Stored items
((

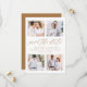 Anuncie seus próximos nupciais em estilo com nossa foto do Elegant Script para salvar o cartão de data. Os cartões salve a data elegantes exibem 4 de suas fotos de noivado favoritas, enquadradas em branco com "salve a data" em um roteiro de caligrafia moderno e dourado. Personalize o cartão adicionando seus nomes, data do casamento e local do casamento. O minimalista salve a placa de data reverte para um fundo ouro sólido ou uma cor de sua escolha.
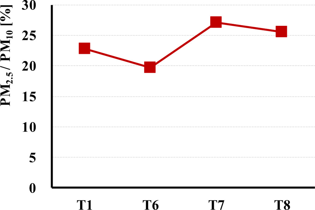 Figure 8 Ratio of PM2.5 and PM10 of T6-T8 tread. |
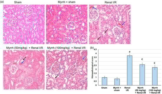 The assessment of myrrh essential oil (50 and 100 mg/kg) administration for three weeks prior to renal ischemia/perfusion (I/R) in histopathological analysis: (a) renal sections stained with hematoxylin and eosin (H&E) and (b) quantitative assessment of renal damage score. Blue arrows show renal proteinaceous casts and edema, and black arrows show masses of necrotic cellular debris. # indicates a statistically significant difference from the sham group, € indicates a statistically significant difference from the renal I/R group.
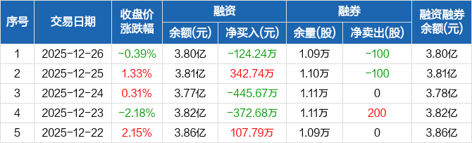 扬电科技:融资净偿还124.24万元,融资余额3.8亿元(12-26)
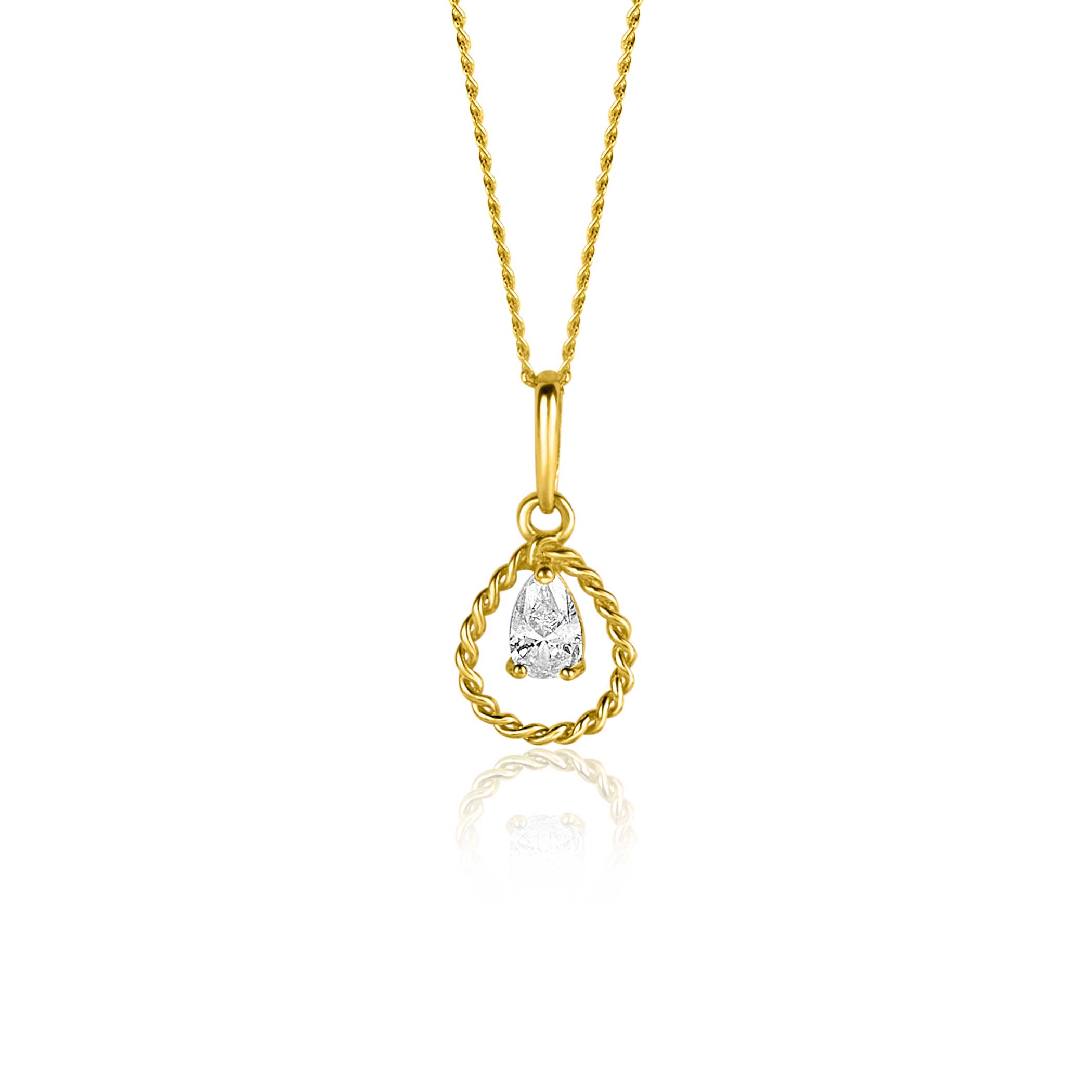 ZINZI Gold 14 krt gouden hanger met open druppelvorm en mooie driepootszetting bezet met een peervormige witte zirconia. De druppelvorm heeft een gedraaid motief. De hanger is 16mm lang (inclusief hangoog). Hang deze hanger sierlijk aan je gouden ZINZI ketting. Ook mooi te combineren met de bijpassende oorbedels! De ketting is niet bij de prijs inbegrepen. Vervaardigd van geheel 14 karaat goud (585).

))

• [INSTRUCTIONS TO FOLLOW]: Each line from the beginning of the entries up to and including the one containing "Figure 8 Ratio" must be restated exactly. Pictures are to be left out.

• [ANSWER BOX]:
 Anuncie seus próximos nupciais em estilo com nossa foto do Elegant Script para salvar o cartão de data. Os cartões salve a data elegantes exibem 4 de suas fotos de noivado favoritas, enquadradas em branco com "salve a data" em um roteiro de caligrafia moderno e dourado. Personalize o cartão adicionando seus nomes, data do casamento e local do casamento. O minimalista salve a placa de data reverte para um fundo ouro sólido ou uma cor de sua escolha.
 Figure 8 Ratio of PM2.5 and PM10 of T6-T8 tread. |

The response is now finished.